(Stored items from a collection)
Content starts

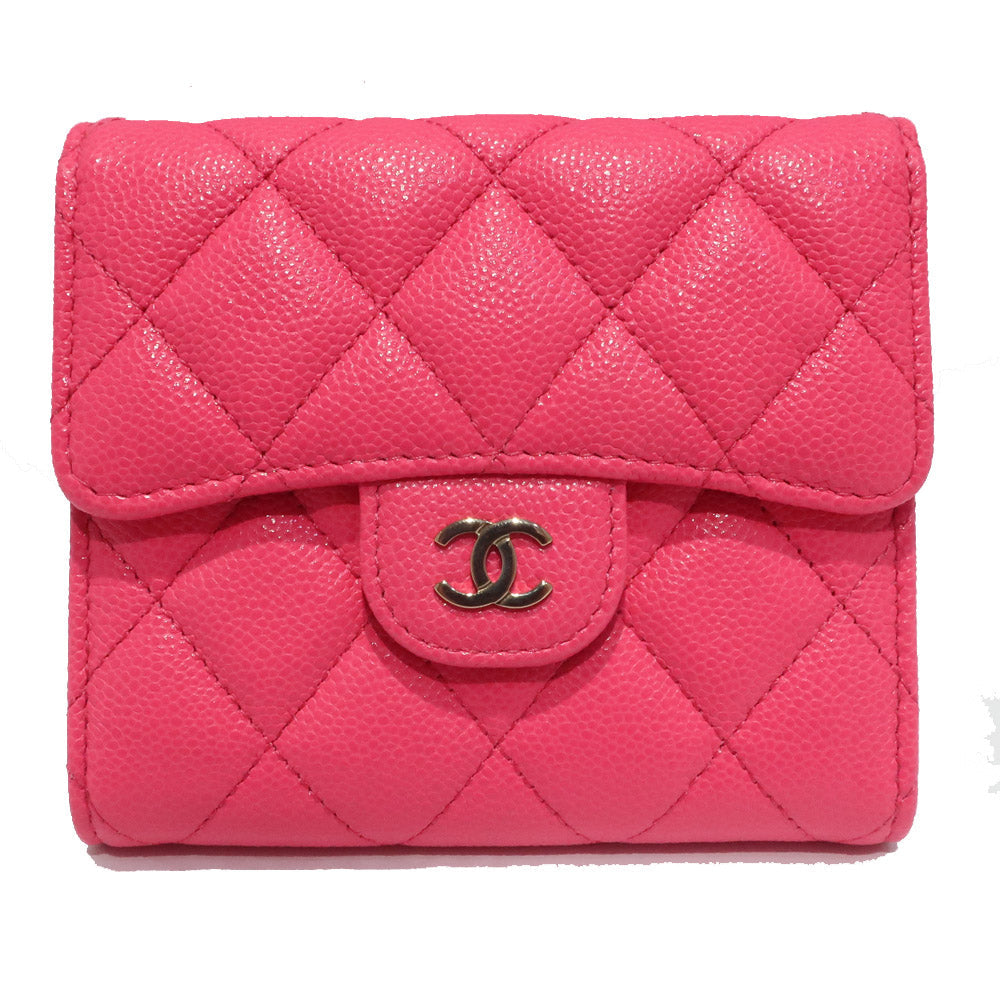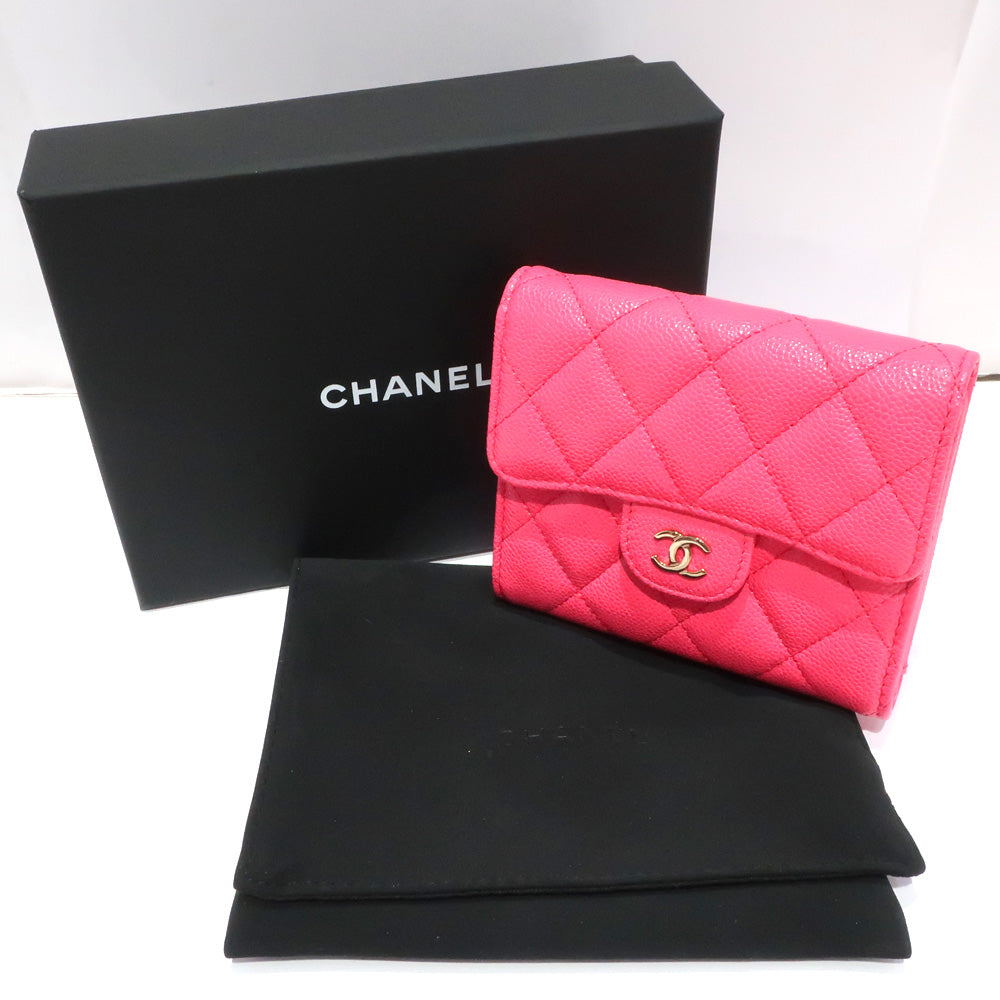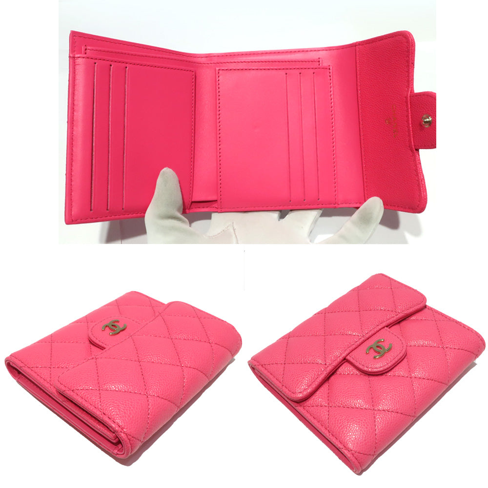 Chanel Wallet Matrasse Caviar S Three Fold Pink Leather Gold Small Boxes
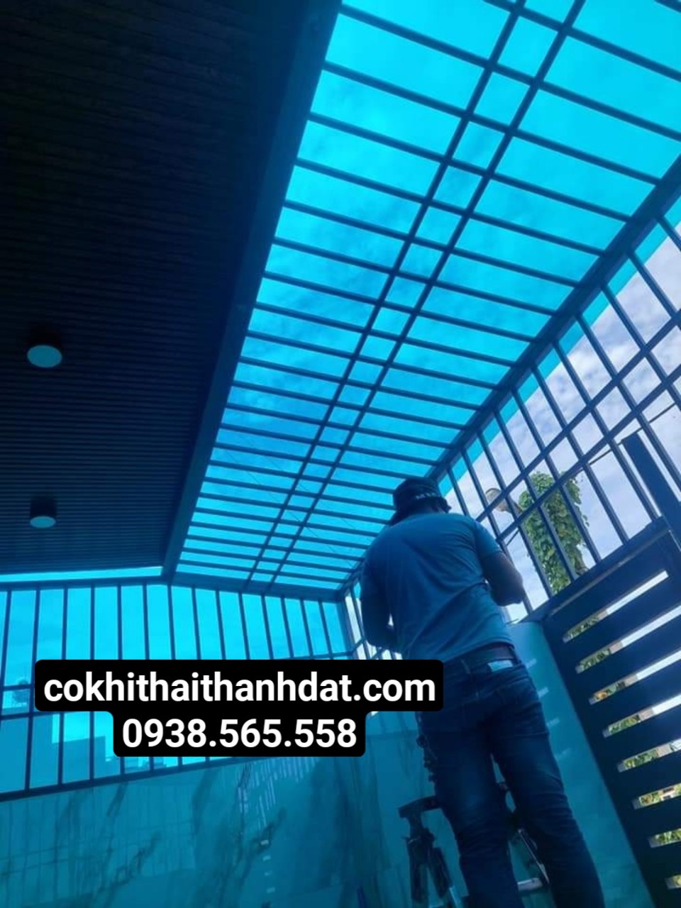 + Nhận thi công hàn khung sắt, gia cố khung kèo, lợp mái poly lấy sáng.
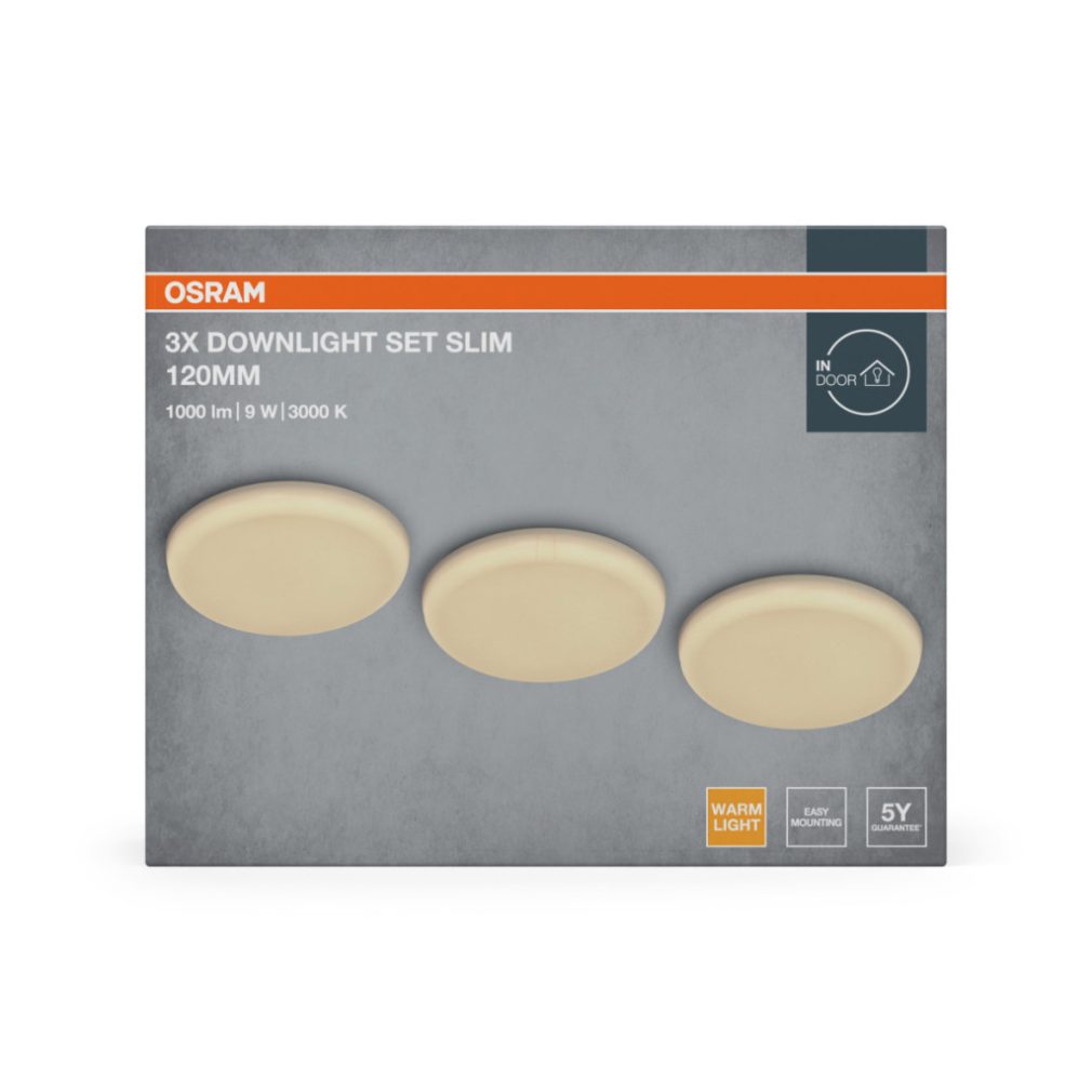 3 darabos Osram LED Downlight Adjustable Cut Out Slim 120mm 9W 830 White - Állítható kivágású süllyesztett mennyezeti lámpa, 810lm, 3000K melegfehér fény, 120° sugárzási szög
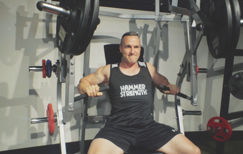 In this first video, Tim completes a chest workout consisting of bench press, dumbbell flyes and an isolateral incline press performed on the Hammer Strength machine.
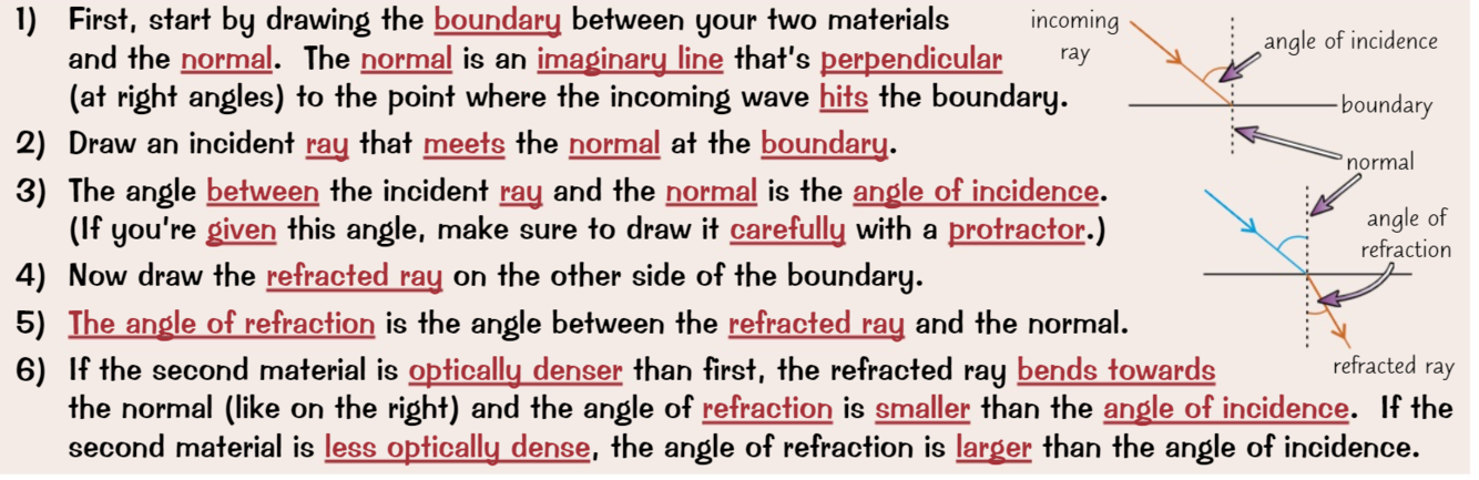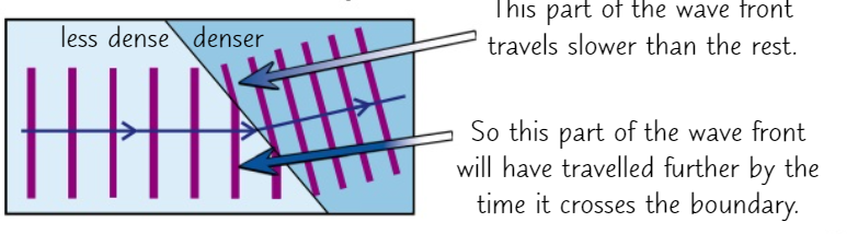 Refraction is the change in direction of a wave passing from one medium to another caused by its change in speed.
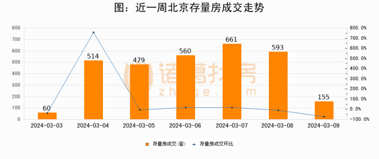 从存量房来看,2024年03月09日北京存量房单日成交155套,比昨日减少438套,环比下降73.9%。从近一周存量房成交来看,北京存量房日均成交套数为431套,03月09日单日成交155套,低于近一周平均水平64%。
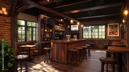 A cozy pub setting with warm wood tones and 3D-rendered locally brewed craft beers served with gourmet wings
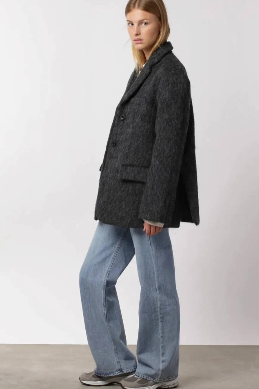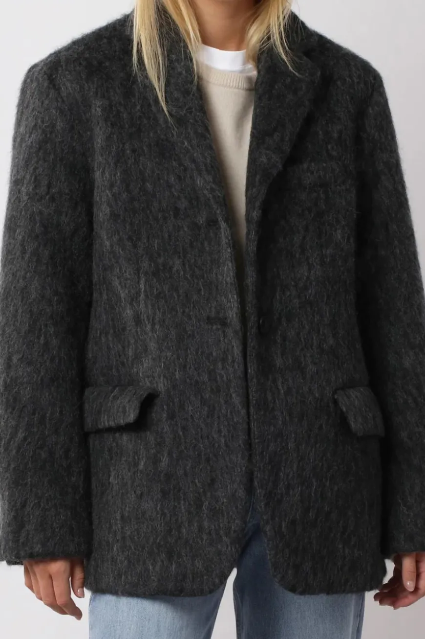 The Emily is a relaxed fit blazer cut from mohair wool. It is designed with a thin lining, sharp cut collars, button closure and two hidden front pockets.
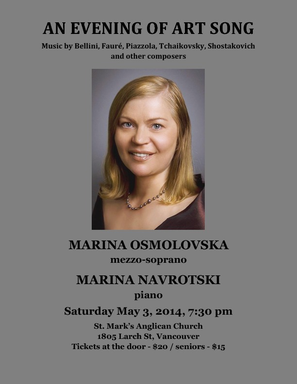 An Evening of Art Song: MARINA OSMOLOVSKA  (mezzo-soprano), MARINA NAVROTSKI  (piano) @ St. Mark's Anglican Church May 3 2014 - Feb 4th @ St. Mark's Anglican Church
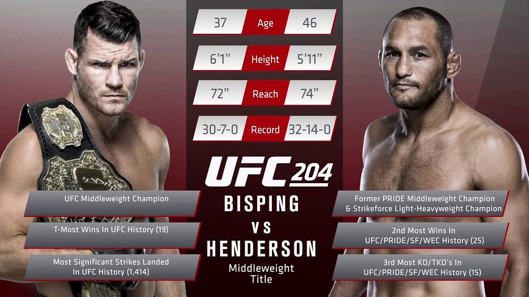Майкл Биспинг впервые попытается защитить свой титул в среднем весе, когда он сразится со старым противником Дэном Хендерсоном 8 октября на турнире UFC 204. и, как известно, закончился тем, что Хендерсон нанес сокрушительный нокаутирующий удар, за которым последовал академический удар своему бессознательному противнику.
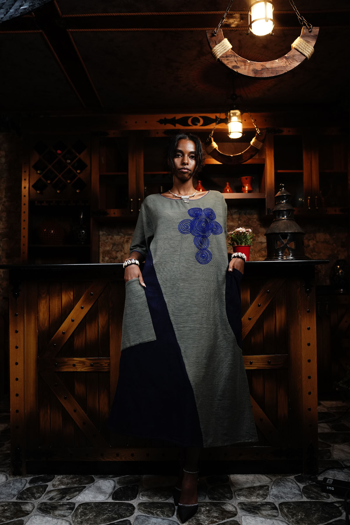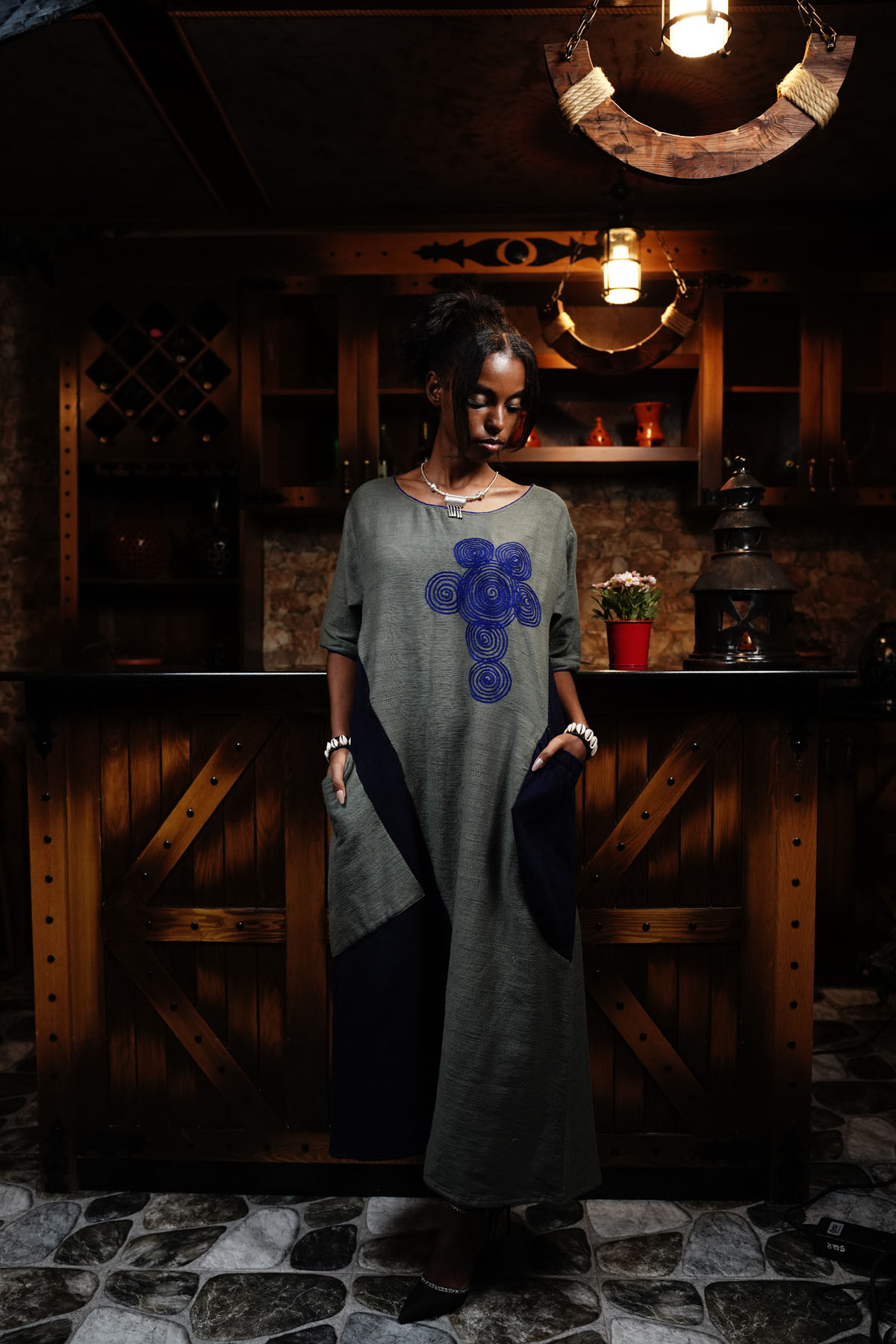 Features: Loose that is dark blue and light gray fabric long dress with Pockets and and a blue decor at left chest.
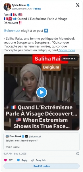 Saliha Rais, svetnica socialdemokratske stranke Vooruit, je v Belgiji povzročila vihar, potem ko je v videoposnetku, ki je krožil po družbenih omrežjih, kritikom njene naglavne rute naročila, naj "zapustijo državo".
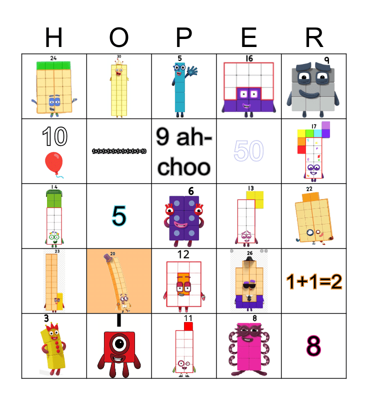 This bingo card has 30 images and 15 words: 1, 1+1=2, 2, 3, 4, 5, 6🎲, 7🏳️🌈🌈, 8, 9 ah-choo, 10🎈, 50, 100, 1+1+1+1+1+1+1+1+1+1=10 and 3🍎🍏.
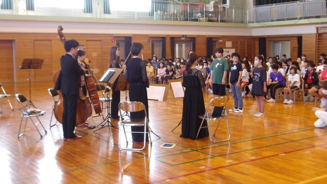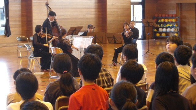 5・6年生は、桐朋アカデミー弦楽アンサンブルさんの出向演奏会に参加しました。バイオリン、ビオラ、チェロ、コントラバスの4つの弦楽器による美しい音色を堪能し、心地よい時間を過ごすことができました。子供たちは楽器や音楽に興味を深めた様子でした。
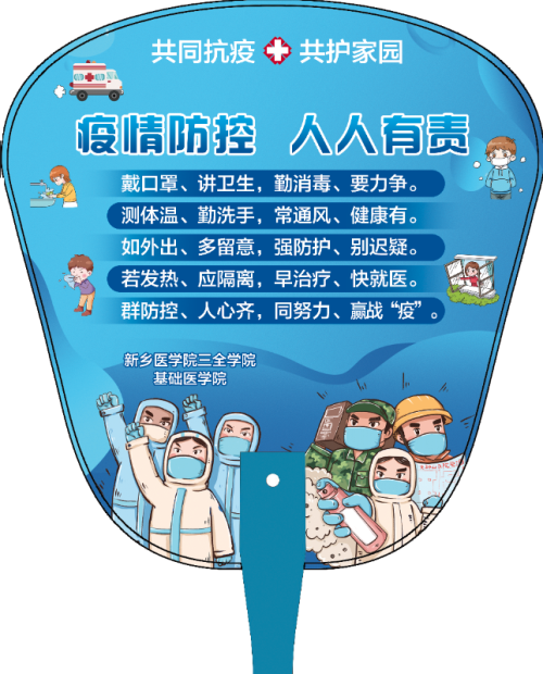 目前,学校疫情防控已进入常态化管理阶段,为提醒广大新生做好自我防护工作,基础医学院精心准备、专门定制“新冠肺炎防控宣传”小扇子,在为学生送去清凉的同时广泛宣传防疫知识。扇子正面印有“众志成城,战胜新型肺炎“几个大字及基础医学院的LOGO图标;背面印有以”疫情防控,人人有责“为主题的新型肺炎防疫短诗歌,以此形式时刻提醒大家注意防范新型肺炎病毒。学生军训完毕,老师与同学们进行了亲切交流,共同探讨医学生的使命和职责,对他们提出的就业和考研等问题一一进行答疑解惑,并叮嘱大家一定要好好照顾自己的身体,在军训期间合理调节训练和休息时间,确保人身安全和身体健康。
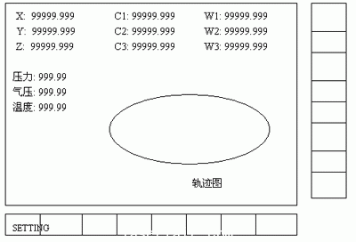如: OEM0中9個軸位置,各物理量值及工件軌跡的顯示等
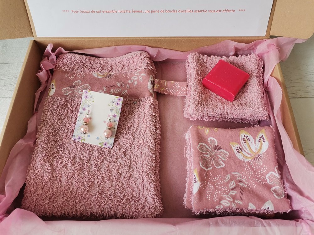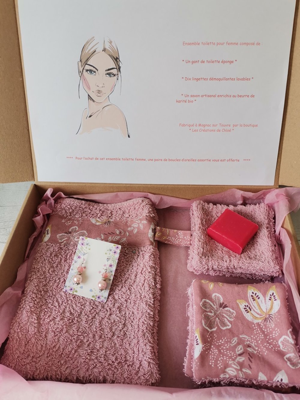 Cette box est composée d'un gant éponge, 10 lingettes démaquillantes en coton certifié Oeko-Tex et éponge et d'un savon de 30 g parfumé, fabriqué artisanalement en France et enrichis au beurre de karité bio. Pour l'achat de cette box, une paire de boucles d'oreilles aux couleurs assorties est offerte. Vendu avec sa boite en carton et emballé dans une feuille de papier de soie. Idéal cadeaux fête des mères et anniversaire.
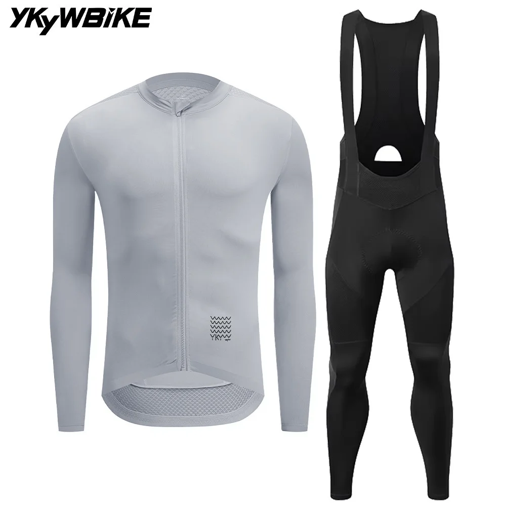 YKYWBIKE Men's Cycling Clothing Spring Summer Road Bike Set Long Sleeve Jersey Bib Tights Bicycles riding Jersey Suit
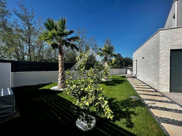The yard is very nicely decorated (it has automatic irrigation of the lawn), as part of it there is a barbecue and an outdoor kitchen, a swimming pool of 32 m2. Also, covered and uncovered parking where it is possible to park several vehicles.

Content ends

→ Task requirements: What is needed is the exact run of lines from the start of the data through the line with "Refraction is the", both ends included, minus the pictures.

→ Written solution:
 Chanel Wallet Matrasse Caviar S Three Fold Pink Leather Gold Small Boxes
 + Nhận thi công hàn khung sắt, gia cố khung kèo, lợp mái poly lấy sáng.
 3 darabos Osram LED Downlight Adjustable Cut Out Slim 120mm 9W 830 White - Állítható kivágású süllyesztett mennyezeti lámpa, 810lm, 3000K melegfehér fény, 120° sugárzási szög
 In this first video, Tim completes a chest workout consisting of bench press, dumbbell flyes and an isolateral incline press performed on the Hammer Strength machine.
 Refraction is the change in direction of a wave passing from one medium to another caused by its change in speed.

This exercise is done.